Work task.
Return all of the entries exactly, but do not include the pictures.
[[ Data for analysis, beginning ]]
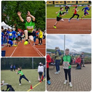 Veröffentlicht am 4. Mai 2024 von M. PrüferFrühjahrssportfest Ohrdruf 04.05.2024 Dreikampf Altersklasse Schlagball 50m Weit Gesamt Kiesewetter, Arno M11 26,50m 8,60s 3,56m Platz 8 Arno bei den Disziplinen und der Siegerehrung
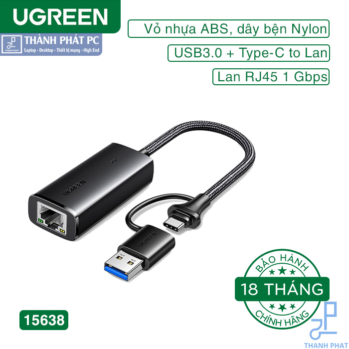 Bộ chuyển đổi Ethernet Ugreen 15638 USB-A & USB-C 3.0 đực sang RJ45 kết nối máy tính hoặc máy tính bảng của bạn với bộ định tuyến, modem hoặc bộ chuyển mạch mạng để kết nối mạng.
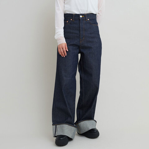 ※生デニムは湿度で伸び縮みすることがございます。また、水に通すと縮みます。予めご了承ください。
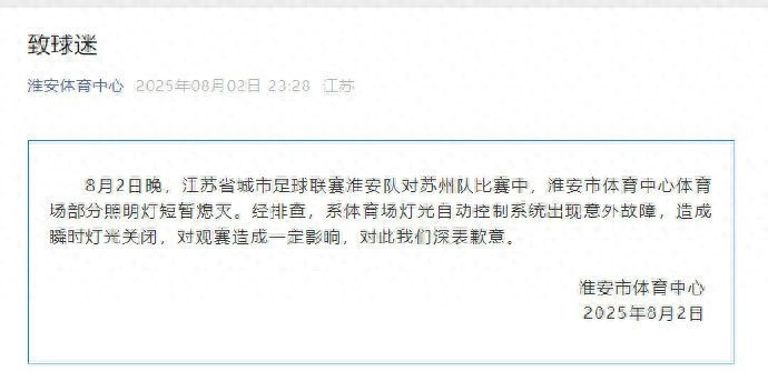 据淮安体育中心,8月2日晚,江苏省城市足球联赛淮安队对苏州队比赛中,淮安市体育中心指导场部分照明灯遽然灭火。经排查,系指导场灯光自动截至系统出现不测故障,酿成瞬时灯光关闭,对不雅赛酿成一定影响,对此咱们深表歉意。
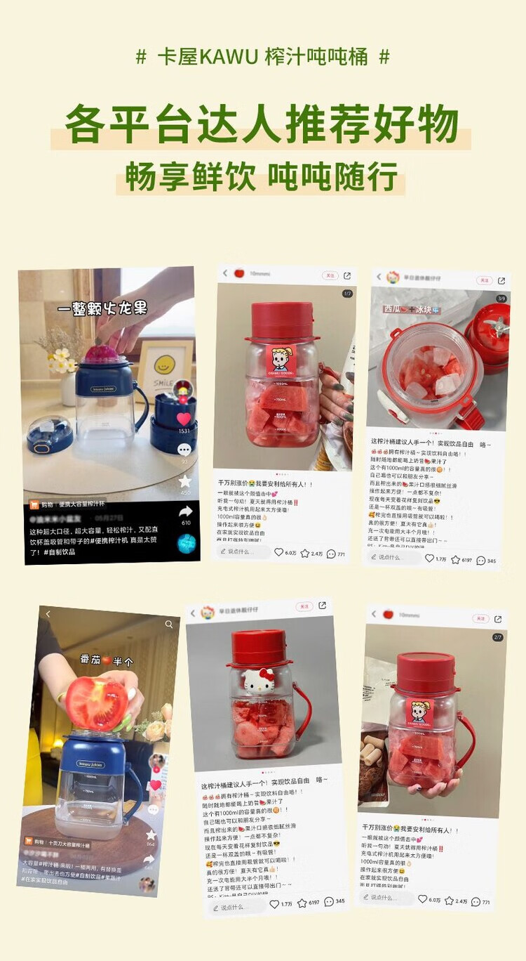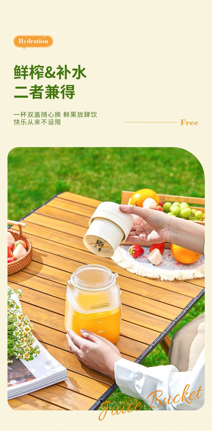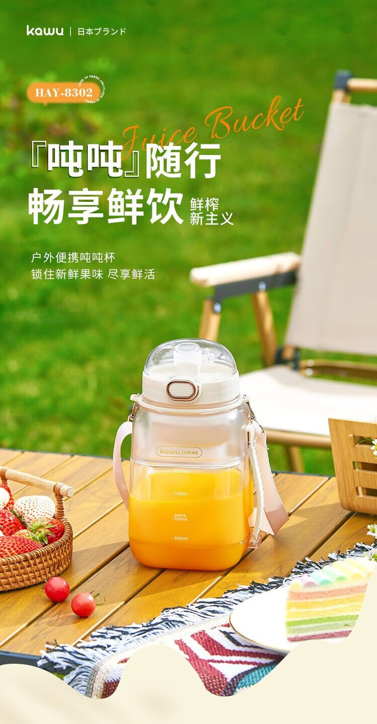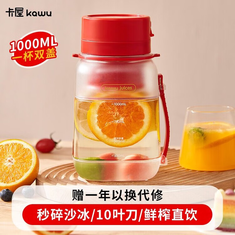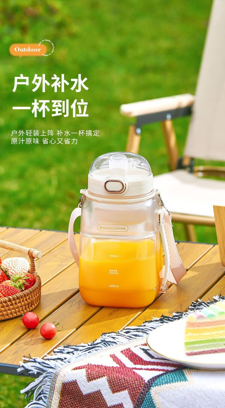 Kawu Juicer Home Small Juicing Cup Portable Blender Large Capacity Ice Crusher Juice Cup Ton Bucket 1000ML (Send Straw + Shoulder Strap) - Peacock Blue $10 - Double Cups, Double Covers - Free Data Cable
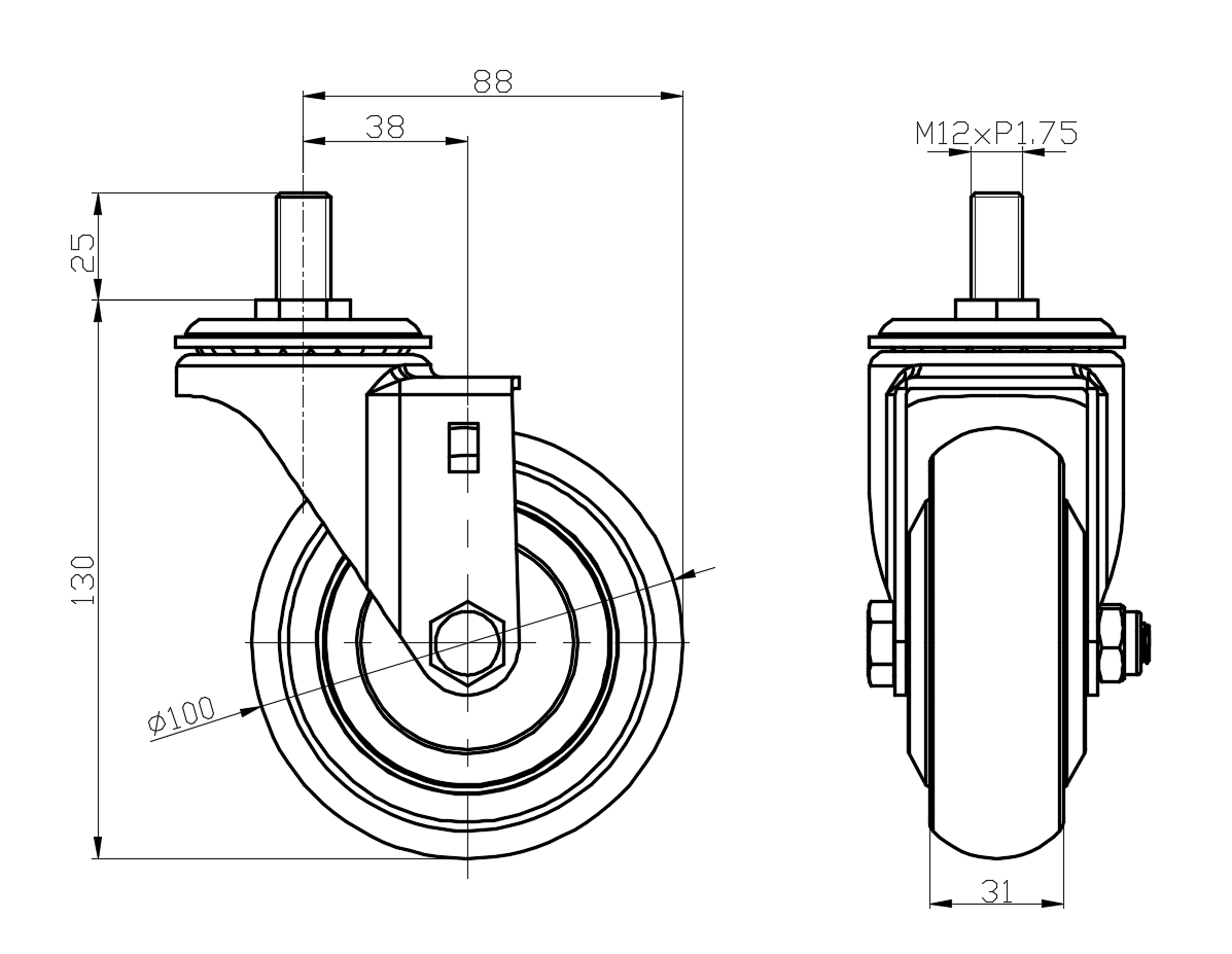 Swivel Caster, thread-Riveted Stamping Fork—M12-P1.75
[[ Data for analysis, end ]]
Response box.
 Veröffentlicht am 4. Mai 2024 von M. PrüferFrühjahrssportfest Ohrdruf 04.05.2024 Dreikampf Altersklasse Schlagball 50m Weit Gesamt Kiesewetter, Arno M11 26,50m 8,60s 3,56m Platz 8 Arno bei den Disziplinen und der Siegerehrung
 Bộ chuyển đổi Ethernet Ugreen 15638 USB-A & USB-C 3.0 đực sang RJ45 kết nối máy tính hoặc máy tính bảng của bạn với bộ định tuyến, modem hoặc bộ chuyển mạch mạng để kết nối mạng.
 ※生デニムは湿度で伸び縮みすることがございます。また、水に通すと縮みます。予めご了承ください。
 据淮安体育中心,8月2日晚,江苏省城市足球联赛淮安队对苏州队比赛中,淮安市体育中心指导场部分照明灯遽然灭火。经排查,系指导场灯光自动截至系统出现不测故障,酿成瞬时灯光关闭,对不雅赛酿成一定影响,对此咱们深表歉意。
 Kawu Juicer Home Small Juicing Cup Portable Blender Large Capacity Ice Crusher Juice Cup Ton Bucket 1000ML (Send Straw + Shoulder Strap) - Peacock Blue $10 - Double Cups, Double Covers - Free Data Cable
 Swivel Caster, thread-Riveted Stamping Fork—M12-P1.75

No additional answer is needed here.